The relative dearth of information on the human element in science may be ascribed, in some measure, to the character of the scientific article, which functions as the chief medium of communication in science. In 1968 Robert K. Merton observed in Social Theory and Social Structure that the mores of scientific publication “call for a passive idiom and format of reporting which
imply that ideas develop without benefit of human hand” (p. 6). Moreover, the editors of scientific journals have understandably chosen not to provide space for information about how the work reported actually proceeded.

In recent years there has been some effort on the part of scientists, recognizing the deficiency, to fill this gap. Memoirs by scientists are on the increase. In the last issue of THE SCIENTIST (November 17, 1986), we published a review of three new autobiographies of scientists: Peter Medawar's Memoir of a Thinking Radish, Fred Hoyle's The Small World of Fred Hoyle, and Nevill Mott's A Life in Science.

You'll find the human element in every issue of THE SCIENTIST. Our interview column “Face to Face” features the opinions and observations of scientists and science policy-makers. “Happenings” contains notes of scientists in the news. And “Personal Communication” provides first-person accounts by scientists of great moments and turning points in their professional lives, as well as their reflections on the ways they carry out research. In the October 20 “Personal Communication,” Mott recalled four months spent in Copenhagen with Niels Bohr, which he described as “the experience that showed me most clearly what I wanted to do in life.” Last issue, entomologist E. 0. Wilson recounted his early exploration of the chemical language of ants, which he undertook after being inspired by a lecture of Konrad Lorenz. In this issue, John Polkinghorne describes how his association
with Murray Gell-Mann opened his eyes to the excitement of the experimental side of theoretical physics.
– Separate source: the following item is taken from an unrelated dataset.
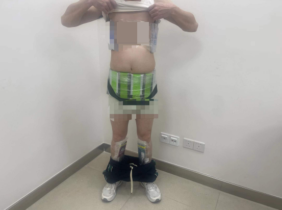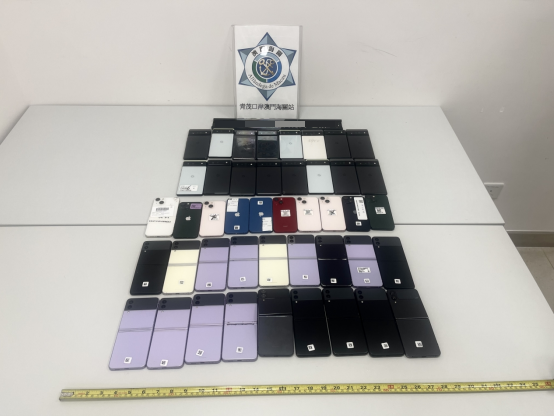 於9日清晨,關員在青茂口岸出境旅客通道發現一名通關男子形跡可疑,懷疑其藏有可疑物品,遂對其作出抽查指示,該名男子見狀突然轉身往出境相反方向逃跑,關員隨即進行追截,最終成功將其截獲。經使用金屬探測門及x射線檢查系統作詳細檢查後,發現該名男子將44部舊手提電話綁藏於腰間及雙腿,試圖偷運出境,查獲貨物均不具備有效的申報文件。

My interest in the human element in science is long-standing. In 1977 ISI created the series “This Week's Citation Classic,” which is published in each issue of Current Contents. Upon identifying a highly cited, classic article or book in science, we invite the author to contribute a brief commentary on the people and events that shaped this piece of research. We encourage the personal and the anecdotal; we have not been disappointed with the result. Over 2,300 first-person accounts of individual triumphs in science have already appeared and have been gathered together in seven volumes that make up Contemporary Classics in Science. Many Nobel laureates and other high-profile scientists contribute to this weekly feature. Others whose important work has been less recognized also find a forum in the Citation Classics. Along with their direct interest, these commentaries are grist for the mills of historians and sociologists of science.

Science is an enormous enterprise, requiring vast resources. But the prevalence of Big Science should not be allowed to obscure the human element in every scientific advance. The personal stories of scientists uniquely reveal that human element.

Eugene Garfield is Publisher and Editor-in-Chief of THE SCIENTIST, and President of the Institute for Scientific Information, Philadelphia, PA 19104.